Arlosoroff, as Avineri points out, was one of the first Labour Zionists to recognise the force of Arab nationalism in Palestine and to formulate a Zionist response – in brief, the politics of compromise, or the partition of Palestine. Yet, in the Twenties, faced with the increased Arab unwillingness to sell land to the Jews, Arlosoroff suggested settling immigrants in the Transjordan, then underpopulated and controlled by feudal chieftains – a proposal which surely looks back to the 19th-century projects of a Cazalet or an Oliphant. Dismayed, moreover, by the prospect of the Jews remaining only a minority in Palestine, as seemed inevitable in the pre-Nazi period, he thought it might be necessary to establish ‘a revolutionary Jewish dictatorship aimed both against the British and the Arabs’ – or at least this was one of four possible options he put before Weizmann. Whether or not this was an intellectual exercise – ‘shock treatment’ for Weizmann, as Avineri suggests – it does indicate that a pragmatic concern for Jewish nationalism and its survival was not always compatible with egalitarian ideals. Furthermore, Avineri mentions only in passing Arlosoroff’s support for the principle of ‘Hebrew labour’, which was probably the central dilemma of Zionist socialists where the Arabs of Palestine were concerned. Their insistence that the Jews reform their lopsided class structure by establishing a Jewish working class and banning the exploitation of Arab labour was a way of condemning the Arabs to economic segregation.
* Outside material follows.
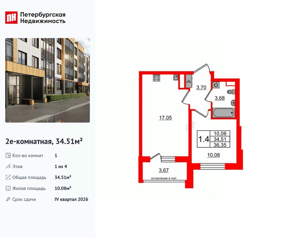 Удобная, классическая, функциональная европланировка, большая кухня-гостиная 17.05 м², вместительная прихожая 3.7 м². Общая площадь квартиры - 34.51 м², жилая 10.08 м², высота потолка 2.77 м.

Golda Meir: the Romantic Years is the improbable title of an improbable book. Those who regarded Meir as a tough-minded politician who used the socialist Working Women’s Council to reach power will be bemused to find her here as a Messalina dependent on her influential lovers’ encouragement for her political advancement. All that can be said of this blend of ‘research’ (computerised gossip) and comic-strip history is that it is a reminder that Meir has yet to attract a serious political biographer.